Why the Lib Dems shouldn't enjoy Tory retoxification too much

Lib Dem ministers are in danger of looking like helpless passengers in a right-wing government.

Political strategists are obsessed with messages that "cut through". They mean the bits that somehow penetrate the consciousness of those people who don’t spend all their time thinking about politics, which is pretty much everyone.

Inconveniently, politicians are often surrounded by other politicians and journalists. They (we) are often as bad as each other at remembering an axiomatic truth about whatever it is they (we) have just said or written: most of the time, no-one cares.

So I do not mean to belittle the Liberal Democrats at their annual conference when I say that most of what passes as "news" – and what animates the chatter in the hotel bars of an evening – will skim off the surface of voters’ minds without leaving a mark.
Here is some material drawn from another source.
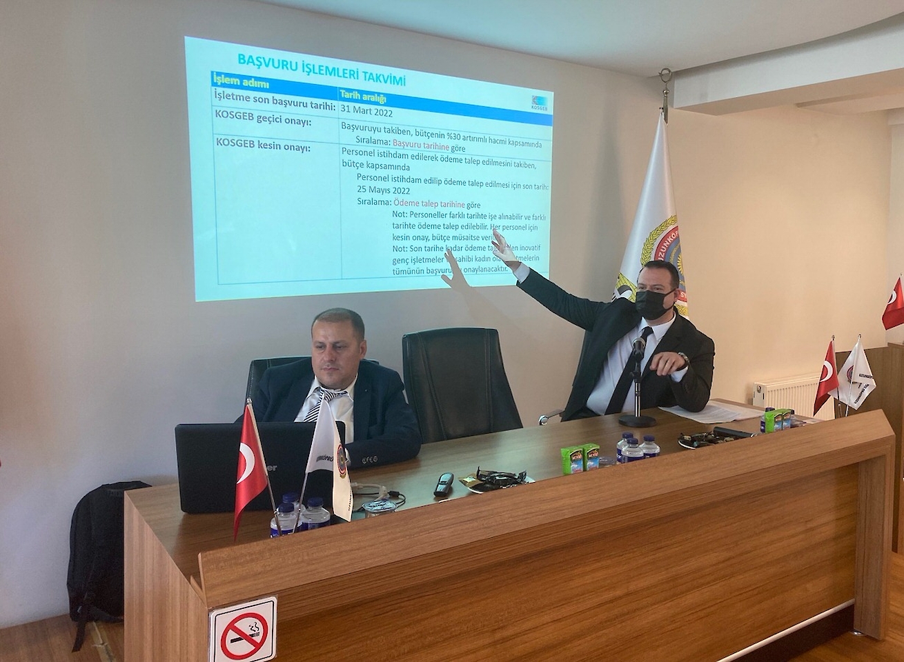 Toplantıda KOSGEB yetkilileri 31 Mart 2022 tarihine kadar başvuru süresi olan ve genç istihdamı teşvik eden 2 yıl geri ödemesiz 100.000 TL faizsiz kredi olanağı sağlayan MKİ Hızlı Destek Programı hakkında bilgilendirmelerde bulunularak katılımcıların soruları yanıtlandı.

I’d guess that two things have "cut through" in politics in the last week. First, that Nick Clegg is sorry. It might not be entirely clear what he is sorry for. We know he regrets making a pledge not to raise university tuition fees when he wasn’t remotely sure he could keep it. We know also that he stands by the policy on tuition fees currently in place. He is frustrated because the episode haunts his party, casting him as the emblematic face of broken promises and making it impossible to get any other messages heard. So, after much deliberation, Clegg decided to lob a contrition grenade – hardly a precise weapon, but sufficient, he hopes, to enable him to change the subject.

The Deputy Prime Minister’s aides insist his video apology is not meant to solve an image problem overnight (and plainly it hasn’t). The test of its effectiveness, they say, will only come towards the end of the parliament, when campaigning for a general election starts up. The hope is that, by then, it will seem tired and petty for Clegg’s rivals to attack him as the king of paltry pledges. He’s said he’s sorry – not a lot of politicians do that – what more do you want? It’s a pretty optimistic line, but probably fractionally better than the alternative, which was not apologising.

There are voters who will never forgive Clegg, whatever he says or does. They are lost to the party for the foreseeable future. As for the rest, given that one of the few things everyone knew about the Lib Dem leader is that he broke a promise, it is probably a small net positive that one of the other few things people now know is that he is also sorry. The details don’t matter so much. That’s cut through.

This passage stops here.